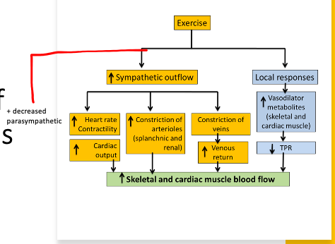 What are the increases in sympathetic outflow that occur due to exercise? [3]
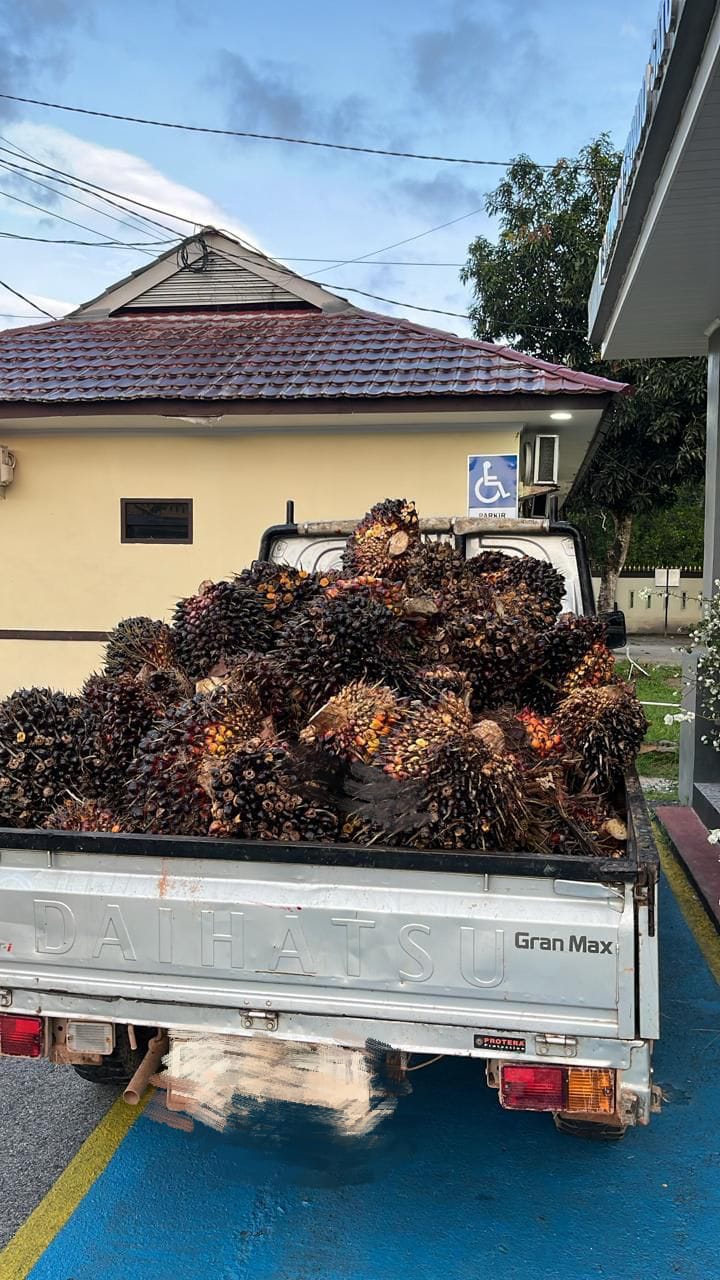 Berdasarkan keterangan saksi dan informasi yang dihimpun di lapangan, para pelaku menggunakan satu unit mobil Daihatsu Grandmax warna silver dengan plat nomor BN 8497 TC untuk mengangkut tandan buah segar (TBS) hasil curian.
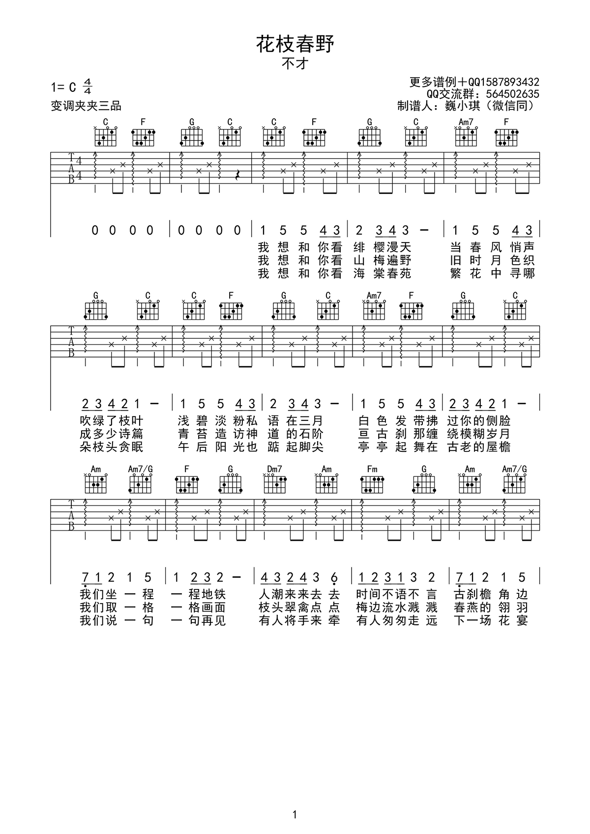 - 林中鸟吉他谱 葛林 C调弹唱谱 图片谱

++++++++

- Try it
Restate the data word for word, minus any images.

- Reply
 What are the increases in sympathetic outflow that occur due to exercise? [3]
 Berdasarkan keterangan saksi dan informasi yang dihimpun di lapangan, para pelaku menggunakan satu unit mobil Daihatsu Grandmax warna silver dengan plat nomor BN 8497 TC untuk mengangkut tandan buah segar (TBS) hasil curian.
 - 林中鸟吉他谱 葛林 C调弹唱谱 图片谱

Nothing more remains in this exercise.